# Black Friday Purchases Analysis | Walmart

## Objective 

The notebook aims to analyze customer purchase behavior, particularly focusing on the purchase amount in relation to the customer's gender and other influencing factors. The goal is to provide insights that can help the management team at Walmart Inc. make more informed business decisions. Specifically, the goal is to understand whether the spending habits differ between male and female customers:
  - Do women spend more on Black Friday than men? 

### Table of Content
  - [Exploratory Data Analysis](#Exploratory-Data-Analysis)
      - [Data Overview](#Data-Overview)
      - [Finding Unique Values](#Finding-Unique-Values)
      - [Data Cleaning](#Data-Cleaning)
      - [Statistical Summary](#Statistical-Summary)
          - [Observations from Analysis](#Observations-from-Analysis)
          - [Missing & Duplicate Value Detection](#Missing-and-duplicate-value-detection)
- [Data Visualization](#Data-Visualization)
    - [Numerical Feature](#Numerical-Features)
    - [Categorical Features](#Categorical-Features)
    - [Purchase & Our Features](#Purchase-&-Our-Features)
- [Data Analysis](#Data-Analysis)
- [Final Insights](#Insights)
    - [Actionable Insights](#So?)
    - [Recommendations](#Recommendations)
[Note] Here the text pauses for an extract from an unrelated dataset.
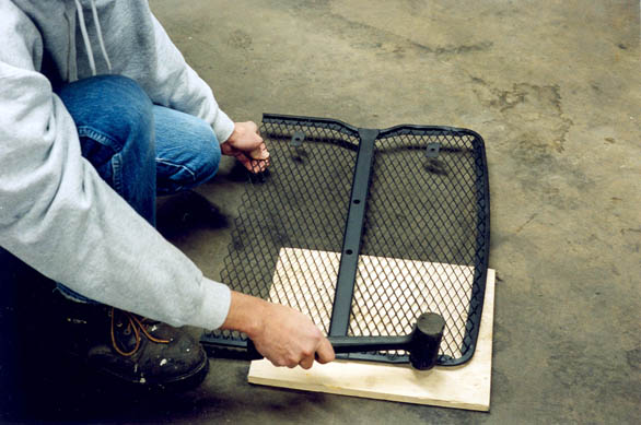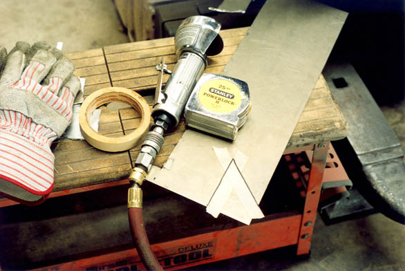 Besides all the body work, there's still plenty of detail to do. Below, I had to tap the bent radiator louver back into shape with my shot filled rubber mallet on a piece of flat wood. Then it is painted.
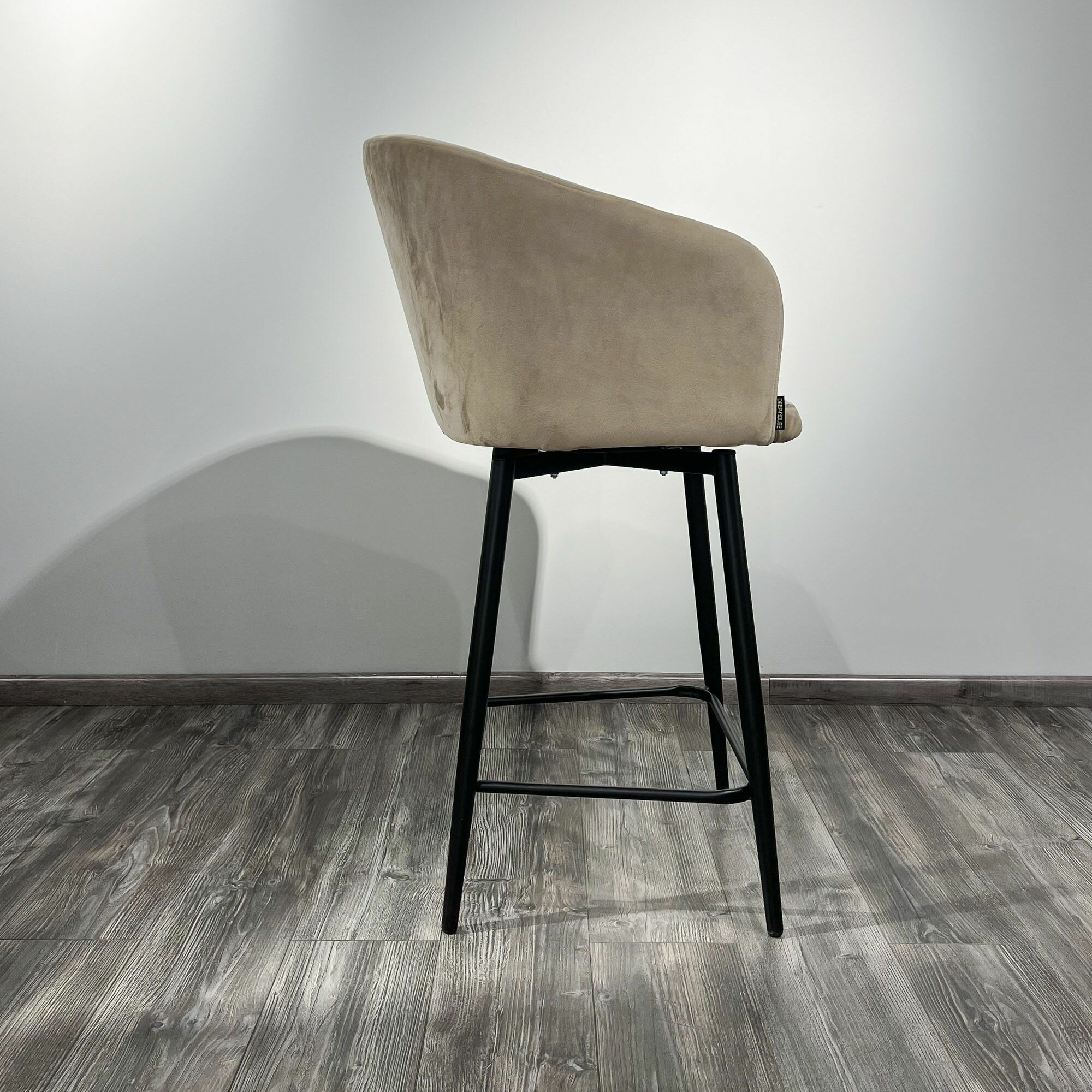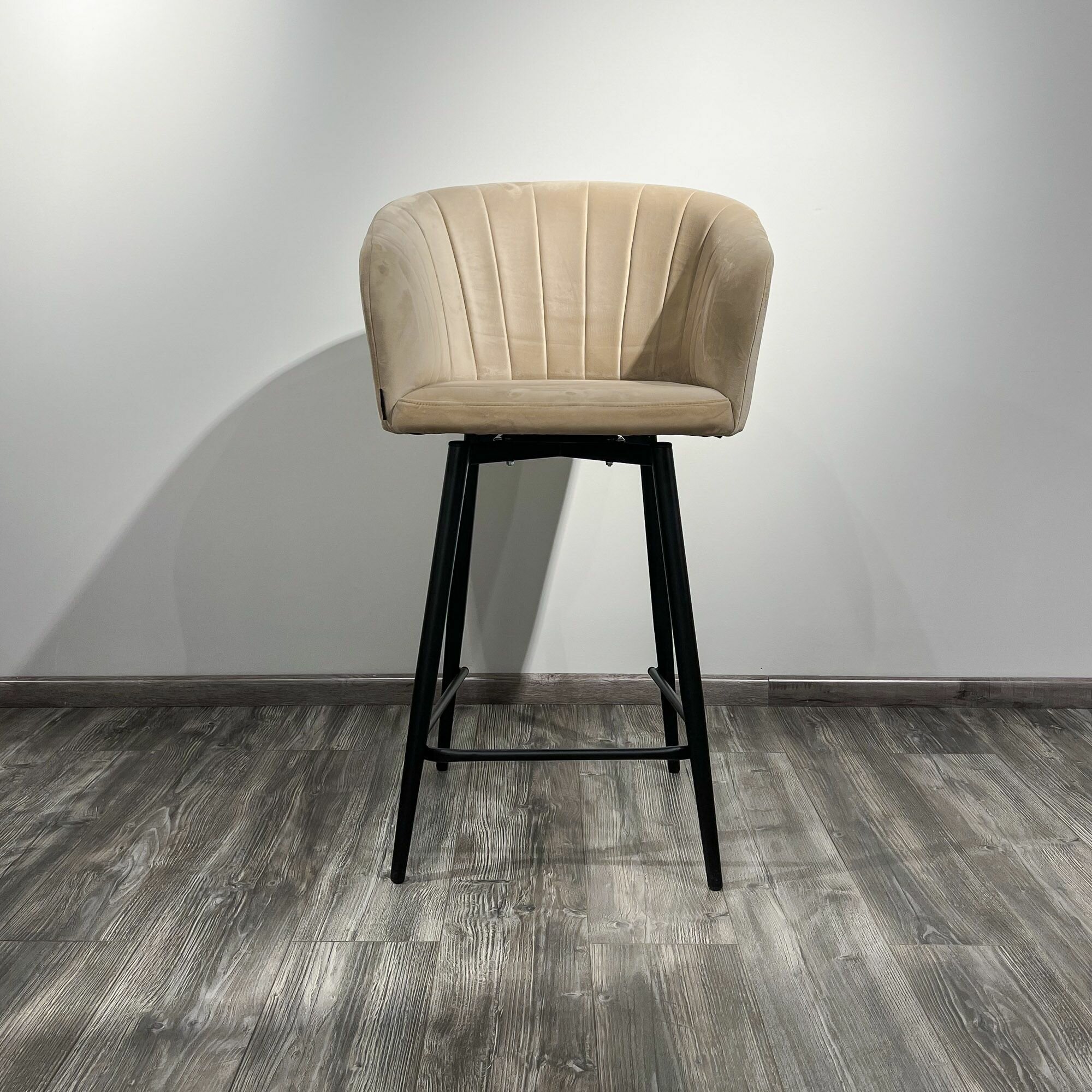 Стул полубарный DeepHouse Стул Гарда бежевый бархат ножки черные для кухни, гостиной

## Exploratory Data Analysis

In [None]:
import numpy as np
import pandas as pd
import matplotlib.pyplot as plt
%matplotlib inline
import seaborn as sns
sns.set(color_codes = True)
import scipy.stats as stats
from scipy.stats import norm
import warnings
warnings.filterwarnings("ignore")

In [None]:
walmart_df = pd.read_csv("walmart_data.csv")

### Data Overview
Taking a look at the first and last few rows to see how the data looks like

In [None]:
walmart_df.head()

In [None]:
walmart_df.tail()

In [None]:
#shape of the dataframe (rows, columns) 
walmart_df.shape

In [None]:
# column names in the dataframe 
walmart_df.columns

### Finding Unique Values
Having a look at the unique values will help understand how varied the dataset is.

In [None]:
def summarize_unique_values(df, max_display=10):
    """
    Summarizes unique values for each column in a DataFrame.
    
    """
    for column in df.columns:
        try:
            unique_count = df[column].nunique()
            unique_values = df[column].unique()
            
            print(f"\nColumn: {column}")
            print(f"  Type: {df[column].dtype}")
            print(f"  Unique Count: {unique_count}")
            
            if unique_count <= max_display:
                print(f"  Unique Values: {unique_values}")
            else:
                print(f"  First {max_display} Unique Values: {unique_values[:max_display]}")
                print(f"  ... and {unique_count - max_display} more unique values.")
        except Exception as e:
            print(f"Error processing column {column}: {e}")

# Example usage
summarize_unique_values(walmart_df)


## Data Cleaning
 For better analysis, some adjustments need to be carried out. For example, the plus sign symbol in the column 'Stay_In_Current_City_Years' should be removed and the column itself should accommodate a numeric value.

In [None]:
walmart_df.Stay_In_Current_City_Years.unique()


In [None]:
walmart_df.Stay_In_Current_City_Years.unique()


In [None]:
# Removing "+" symbol
walmart_df.Stay_In_Current_City_Years=walmart_df.Stay_In_Current_City_Years.str.replace("+","")

In [None]:
# As '+' symbols have already been removed, it is time to change its data type
walmart_df['Stay_In_Current_City_Years'] = pd.to_numeric(walmart_df['Stay_In_Current_City_Years'])

## Statistical Summary

In this section, various statistics of the data will be examined, including the mean, standard deviation, minimum, and maximum values. This will provide a good idea of the overall distribution and range of the data. Before this analysis, data types that are numerical will be selected.

In [None]:
walmart_df.select_dtypes(include=['int64']).skew()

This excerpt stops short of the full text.